▶ What you should do: Leaving out the pictures, retype the lines from the beginning of the listing through the line containing "0.8lb total. Mostly".

▶ Supplied information:
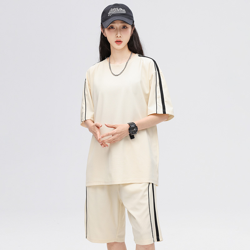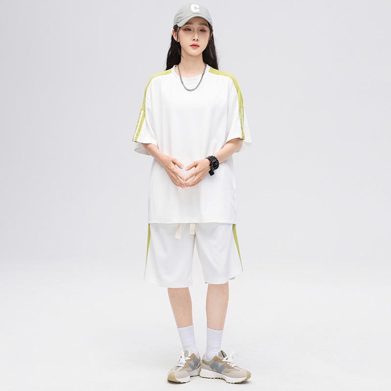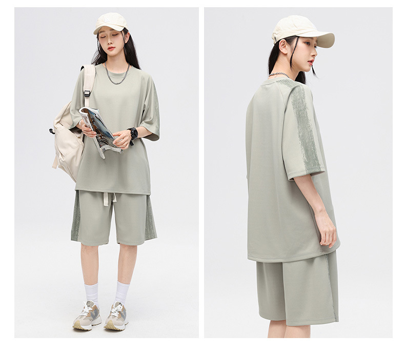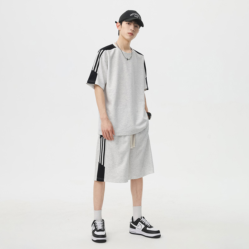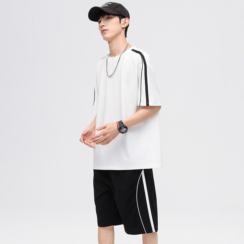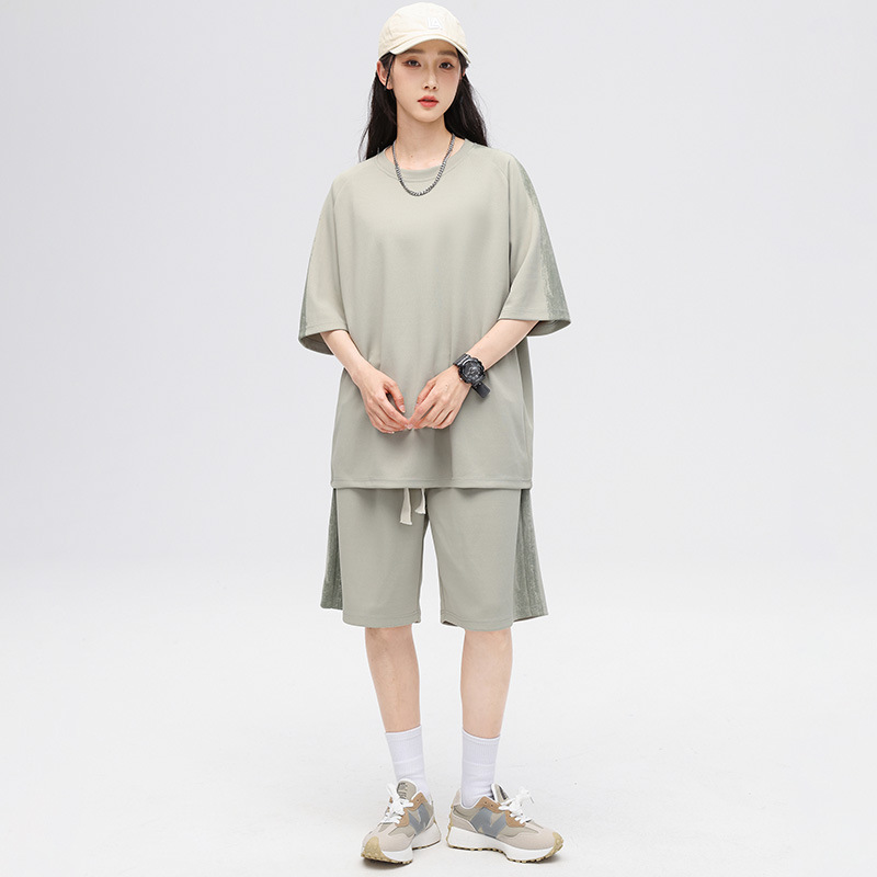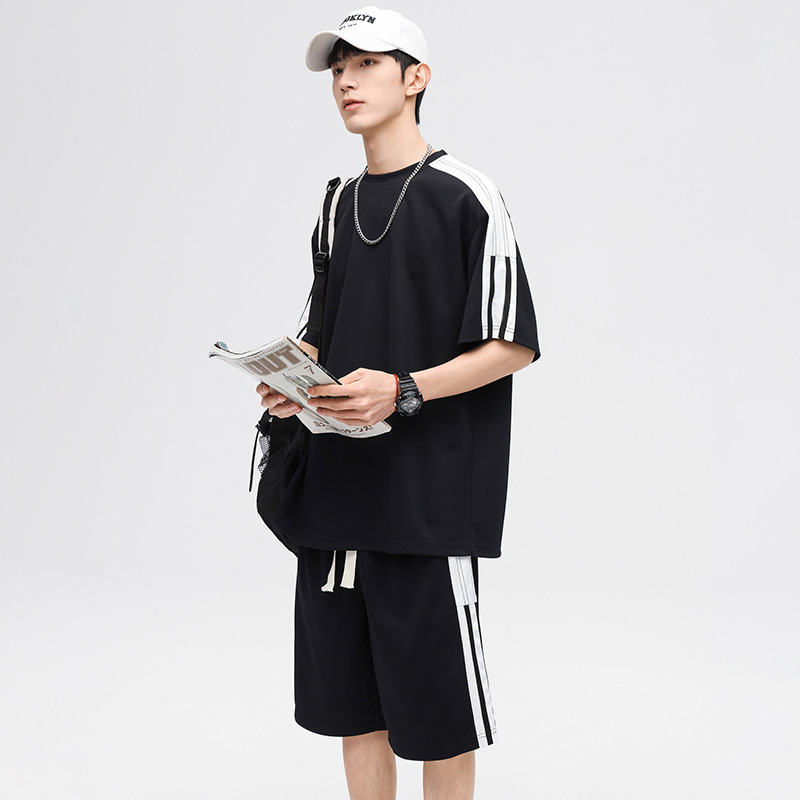 트렌디 한 브랜드 반팔 티셔츠 세트 남성 여름 아이스 실크 캐주얼 니트 세척 탄성 빠른 건조 남성 반바지 투피스 세트
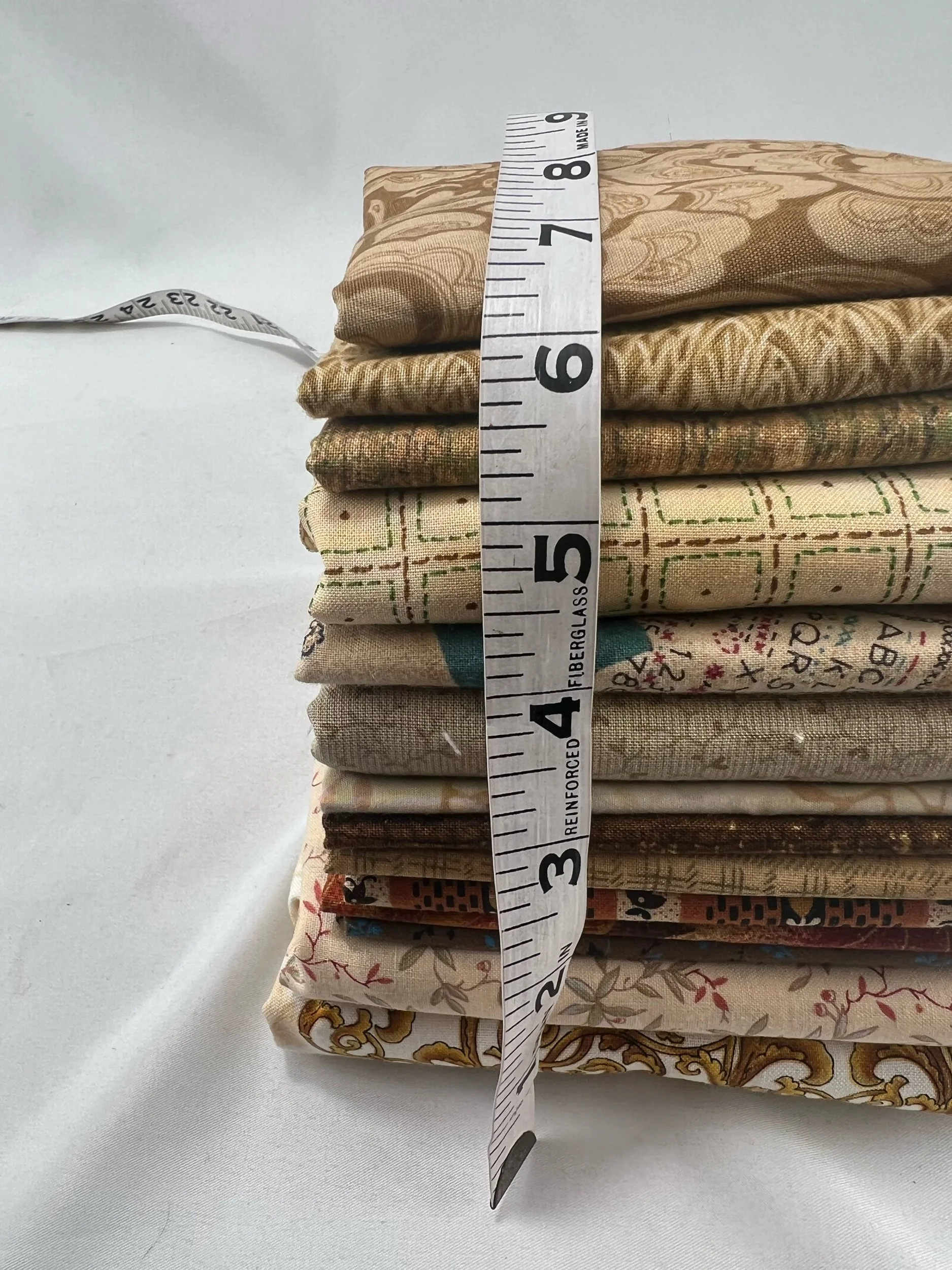 0.8lb total. Mostly smaller project pieces averaging around a yard or less. We love putting these together for you! We haven't measured them, and are offering them at a discount price based on their weights, instead 💪❤️
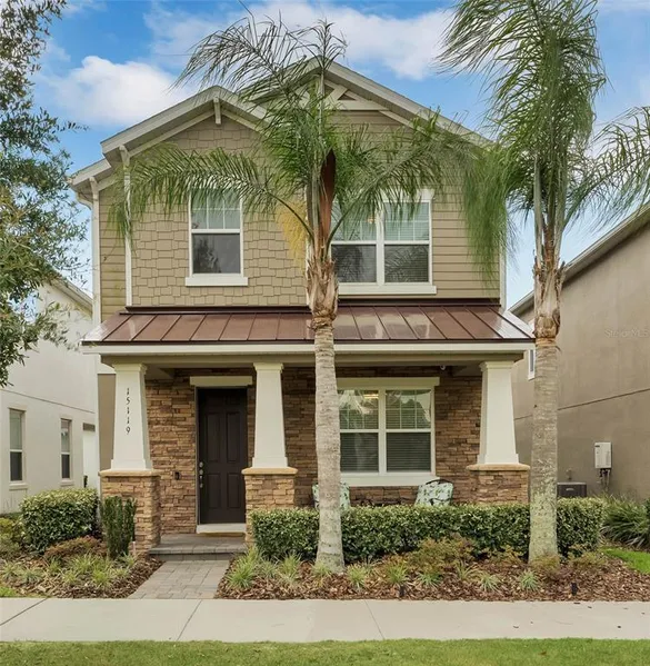 Spectacular Key West style cottage home in the highly desirable community, Overlook at Hamlin! Boasting 3 beds, 4 baths, with gorgeous master bedroom/master bath suite. The kitchen is truly a coastal show-off with bright white cabinetry, quartz countertops, large center kitchen island with bar seating, huge pantry, gas stove, stainless steel appliances, soaring high ceilings and lots of bright, natural light. Living room extends off of the kitchen, overlooking the rear patio/lanai and courtyard garden. First level boasts a guest bedroom suite w/ full bath and walk-in closet. Second level features an open/airy loft layout with high ceilings, laundry room, office area, second bedroom, second full bath and Master's Suite. Double entry doors gracefully lead into the Master Bedroom featuring bright windows and tray ceiling. Double doors lead into the Master Bathroom with plenty of natural light, double sinks with a center vanity, stone countertops, custom shower and large walk-in closet. Community amenities feature: 2 playgrounds, private dog park, walking trails, open parks, private fitness center open 24/7, Overlook Clubhouse with resort-style pool, splash-pad and outdoor dining pavilion, a private community boat ramp, private dock, private canoe rentals, panoramic views of Lake Hancock throughout the community and an active lifestyle program for year-round community events! HOA fees include your monthly landscape maintenance and lawn care. Near excellent schools, very close distance to restaurants and stores with excellent views of Disney fireworks! Walk around Lake Hancock on pristine walking paths and trails. Experience the Florida dream lifestyle and live like you're on vacation everyday in this remarkable Hamlin gem!

▶ Finished task:
 트렌디 한 브랜드 반팔 티셔츠 세트 남성 여름 아이스 실크 캐주얼 니트 세척 탄성 빠른 건조 남성 반바지 투피스 세트
 0.8lb total. Mostly smaller project pieces averaging around a yard or less. We love putting these together for you! We haven't measured them, and are offering them at a discount price based on their weights, instead 💪❤️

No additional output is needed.